My eleven-year-old son and I drew this collage before breakfast. He named it. After breakfast, we colored but did not embellish the drawing. The style of the drawing is called “exquisite corpse”, cadavre exquis, for some reason. Probably a textualization of this process.
This is like “Mad Libs”, but for drawings.
- You need at least two people.
- Divide the drawing space into specific regions. Each region is covered with something to conceal almost all of the drawing up to that point, save for a small bit of lines jutting out from under the concealment.
- Step-by-step, parts of the picture are drawn and covered, each tile of the mosaic connected tenuously to the next.

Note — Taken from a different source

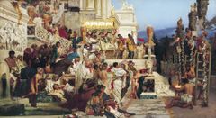 حريق روما الكبير (AD64). لوحة خنريك سيميرادزكي لوحة "مشاعل نيرون" (1876). نيرون يأمر بحرق مجموعة من المسيحيين الأوائل بتهمة إشعال الحريق.

- Concealing the drawing subspaces in such a way as to hide the image from the other participants is very important. No one should know what someone else drew. For this reason, eliminating color is a good method for making the picture weirder.
- The finished drawing should be completely covered by the final participant. Prepare for the unveiling!
- Voila! The unique picture is revealed. An “unforgettable” image, one might say.
This format can be executed using an unfolded cube of thick paper. You gradually unfold and tape the cube faces to the drawing surface. The last panel can use all areas of the drawing space. Notice the cityscape creeps beyond the dots that mark its subspace. Sprawl.
Sharpie and Crayola markers on scroll paper.